I am trying to solve numerically a set of partial differential equations in three dimensions. In each of the equations the next value of the unknown in a point depends on the current value of each unknown in the closest points.
To write an efficient code I need to keep the points close in the three dimensions close in the (one-dimensional) memory space, so that each value is called from memory just once.
I was thinking of using octtrees, but I was wondering if someone knows a better method.
Octtrees are the way to go. You subdivide the array into 8 octants:
1 2 3 4 --- 5 6 7 8
And then lay them out in memory in the order 1, 2, 3, 4, 5, 6, 7, 8 as above. You repeat this recursively within each octant until you get down to some base size, probably around 128 bytes or so (this is just a guess -- make sure to profile to determine the optimal cutoff point).

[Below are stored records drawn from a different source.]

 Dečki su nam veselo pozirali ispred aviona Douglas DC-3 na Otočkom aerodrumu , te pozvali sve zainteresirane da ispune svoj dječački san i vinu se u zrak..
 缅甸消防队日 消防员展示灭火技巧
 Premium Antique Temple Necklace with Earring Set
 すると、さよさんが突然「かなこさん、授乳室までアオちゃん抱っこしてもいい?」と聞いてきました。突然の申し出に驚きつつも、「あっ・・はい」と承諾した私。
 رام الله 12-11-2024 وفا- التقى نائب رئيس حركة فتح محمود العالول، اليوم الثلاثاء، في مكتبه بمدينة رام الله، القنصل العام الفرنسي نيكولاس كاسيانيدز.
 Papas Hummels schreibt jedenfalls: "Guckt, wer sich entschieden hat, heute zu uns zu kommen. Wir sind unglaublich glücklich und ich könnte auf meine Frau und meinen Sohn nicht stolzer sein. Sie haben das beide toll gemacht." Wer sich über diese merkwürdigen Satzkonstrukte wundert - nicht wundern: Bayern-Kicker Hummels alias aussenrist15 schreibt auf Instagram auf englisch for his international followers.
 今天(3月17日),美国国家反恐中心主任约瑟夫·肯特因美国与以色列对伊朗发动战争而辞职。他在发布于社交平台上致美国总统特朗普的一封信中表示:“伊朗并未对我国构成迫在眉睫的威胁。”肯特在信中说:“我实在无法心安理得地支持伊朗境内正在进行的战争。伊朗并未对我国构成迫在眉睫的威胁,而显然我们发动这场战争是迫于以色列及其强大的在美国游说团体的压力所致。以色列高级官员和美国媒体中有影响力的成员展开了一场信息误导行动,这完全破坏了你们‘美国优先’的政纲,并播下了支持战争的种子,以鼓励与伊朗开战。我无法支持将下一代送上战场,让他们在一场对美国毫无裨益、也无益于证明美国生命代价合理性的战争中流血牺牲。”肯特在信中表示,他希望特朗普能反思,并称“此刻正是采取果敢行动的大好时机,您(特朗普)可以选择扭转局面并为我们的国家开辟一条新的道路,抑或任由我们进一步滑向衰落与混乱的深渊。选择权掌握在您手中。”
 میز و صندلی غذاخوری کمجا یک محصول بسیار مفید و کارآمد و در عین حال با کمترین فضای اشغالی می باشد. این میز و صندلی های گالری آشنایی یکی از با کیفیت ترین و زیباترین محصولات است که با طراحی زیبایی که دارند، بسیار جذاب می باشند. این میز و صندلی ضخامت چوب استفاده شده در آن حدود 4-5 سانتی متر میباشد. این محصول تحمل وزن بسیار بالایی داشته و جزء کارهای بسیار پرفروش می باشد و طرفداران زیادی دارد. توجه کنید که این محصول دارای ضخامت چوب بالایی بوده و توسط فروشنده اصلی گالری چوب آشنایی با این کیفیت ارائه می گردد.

This has much, much better cache coherency and locality of reference than the naive layout.
One alternative to the tree-method: Use the Morton-Order to encode your data.

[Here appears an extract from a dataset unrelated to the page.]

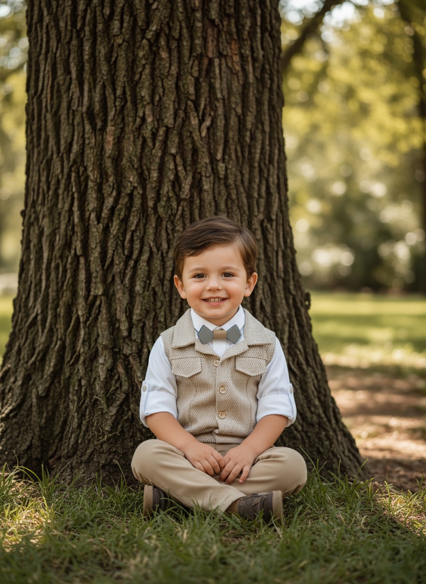 7121 Κωδικός: 7121 Minimal luxury christening outfit with timeless aesthetics. Cotton shirt with soft texture. Vest made of cotton with premium feel. Trousers made of cotton fabric for a comfortable fit. Suspenders that add elegance. Code: 7121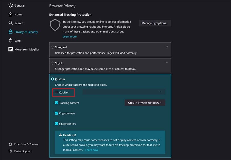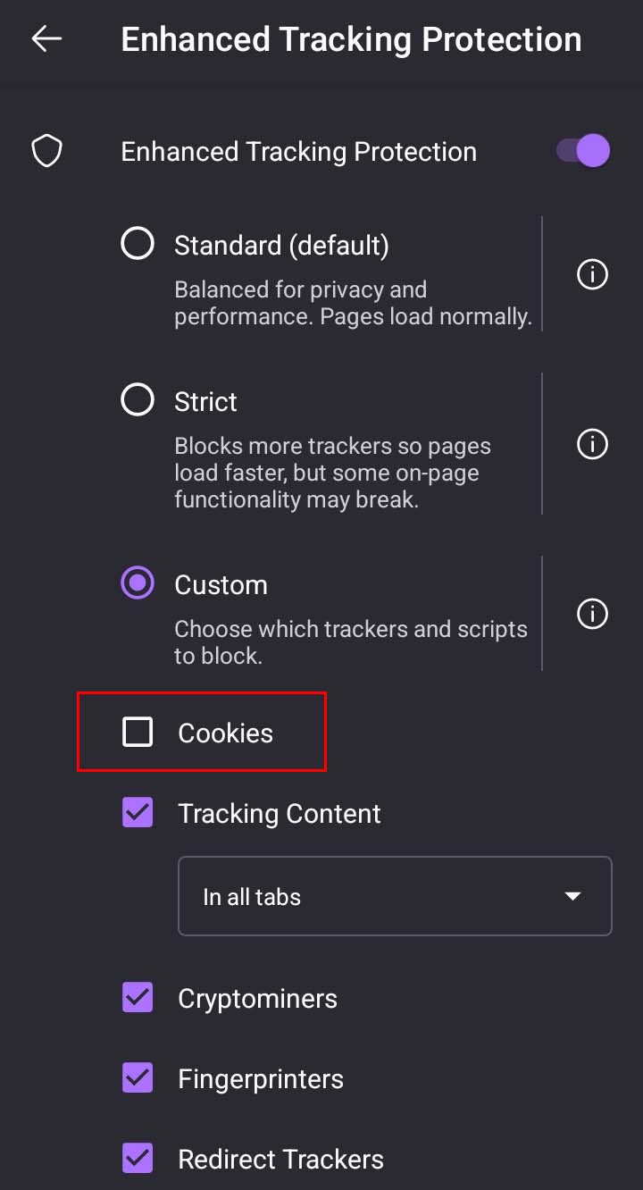 As configurações Padrão e Estrito não bloqueiam biscoitos normais. Eles bloqueiam apenas os cookies entre sites que os sites usam para rastreá-lo em diferentes sites. Se você selecionou as configurações Padrão ou Estrito , pule para a etapa 6. Se você selecionou Personalizado, desmarque a opção Cookies para aceitar todos os cookies.

In three dimension it goes like this: Take the coordinate components and interleave each bit two zero bits. Here shown in binary: 11111b becomes 1001001001b
A C-function to do this looks like this (shown for clarity and only for 11 bits):
int morton3 (int a)
{
int result = 0;
int i;
for (i=0; i<11; i++)
{
// check if the i'th bit is set.
int bit = a&(1<<i);
if (bit)
{
// if so set the 3*i'th bit in the result:
result |= 1<<(i*3);
}
}
return result;
}
You can use this function to combine your positions like this:
index = morton3 (position.x) +
morton3 (position.y)*2 +
morton3 (position.z)*4;
This turns your three dimensional index into a one dimensional one. Best part of it: Values that are close in 3D space are close in 1D space as well. If you access values close to each other frequently you will also get a very nice speed-up because the morton-order encoding is optimal in terms of cache locality.
For morton3 you better not use the code above. Use a small table to look up 4 or 8 bits at a time and combine them together.